В нашем доме всегда с уважением относились к художникам.
Так вот, наш мэтр несколько лет назад потерял жену и через одного родовитого знакомого дядюшки Вада — такого же завзятого театрала, как он — обратился с предложением к матушке, а матушка предоставила мне возможность самой ответить ему. Недолго думая, я тут же написала, что пока не хочу выходить замуж.
— Я ведь могу ему отказать?
— Что ж… Я знала, что из этого ничего не выйдет.
Тогда мэтр жил в Каруидзаве, куда я и отправила письмо с отказом, а еще через день он, разминувшись с письмом и поэтому ничего не зная о моем ответе, вдруг совершенно неожиданно появился сам. Судя по его словам, он ехал по делам на источники в Идзу и по дороге решил заехать к нам. Наверное, все художники таковы, ведут себя, как балованные дети, совершенно не считаясь с возрастом.
Матушка плохо себя чувствовала, поэтому к гостю вышла я и, угостив его чаем в китайской гостиной, сказала:
— Думаю, мое письмо с отказом уже ждет вас в Каруидзаве. Я все хорошо обдумала…
— Вот как… — нервно сказал он и, вытирая со лба пот, добавил: — И все же прошу вас подумать еще раз. Может быть — как бы это сказать получше? — в браке со мной вы не обретете так называемой возвышенной любви, но зато в моих силах подарить вам счастье обеспеченной жизни. Уж это-то я могу обещать. Извините за откровенность…

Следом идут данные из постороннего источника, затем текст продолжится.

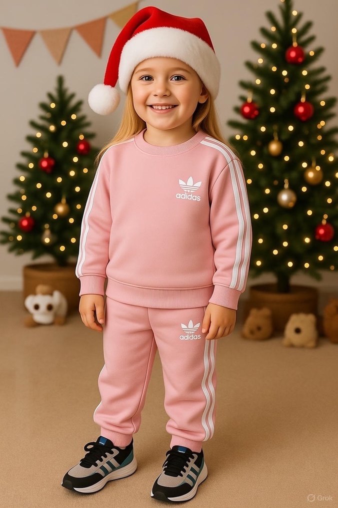 Yumuşak fleece kumaştan, uzun kollu ve bisiklet yaka, pembe Adidas kız çocuk eşofman takımı. Pastel tonlarda baskılı çizgilerle şık ve rahat görünümlü.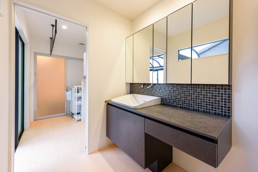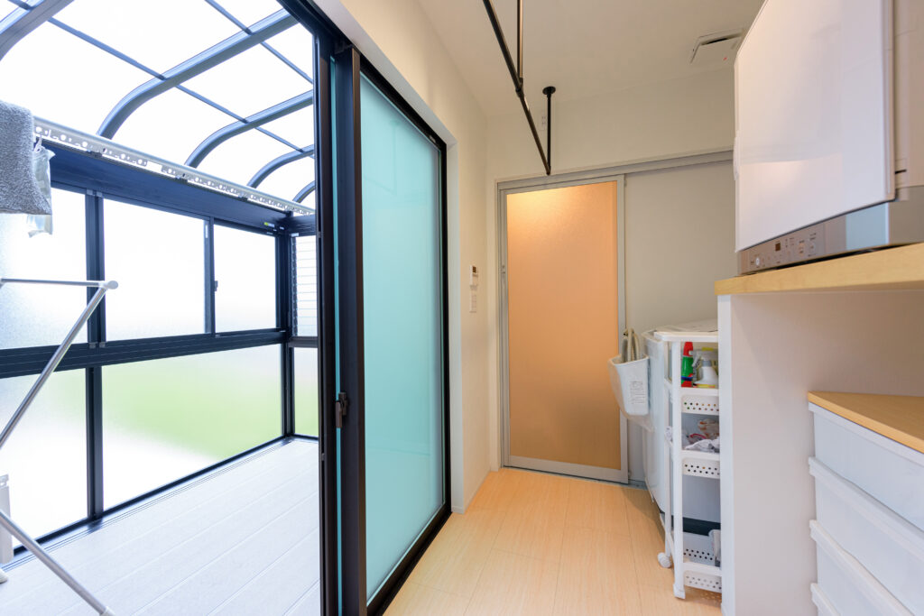 洗面室とつながっている脱衣室には物干しスペースも。型ガラス窓でプライバシーを確保。

— Счастье, о котором вы говорите, выше моего понимания. Простите, наверное, это дерзко с моей стороны… Но, знаете, Чехов в одном из писем жене писал: «Роди мне ребенка, я хочу, чтобы ты родила нашего ребенка». А кто-то, кажется, Ницше, в своем эссе говорит о женщине, от которой хотел бы иметь детей. Я хочу, чтобы у меня были дети. Что касается счастья, то тут уж как повезет. Мне, конечно, нужны деньги, но я вполне могу ограничиться суммой, необходимой на воспитание детей.
На лице мэтра появилась странная улыбка.
— Вы удивительная женщина, — сказал он, — люди редко называют вещи своими именами. Вы бы могли стать для меня источником нового вдохновения.
Он говорил с пылкостью, неподобающей его возрасту. Я даже подумала о том, что, если бы я и в самом деле стала источником нового вдохновения для этого замечательного художника, моя жизнь, несомненно, обрела бы смысл, но я никак не могла представить себя в его объятиях.
— И вам было бы все равно, что в моем сердце нет никакой любви? — улыбаясь, спросила я, и он ответил совершенно серьезно:
— От женщины нельзя ничего требовать. Довольно, что она просто живет рядом.
— Но для такой женщины, как я, брак немыслим, если нет любви. Я уже не ребенок. В следующем году мне будет тридцать, — сказала я и неожиданно для себя самой смутилась.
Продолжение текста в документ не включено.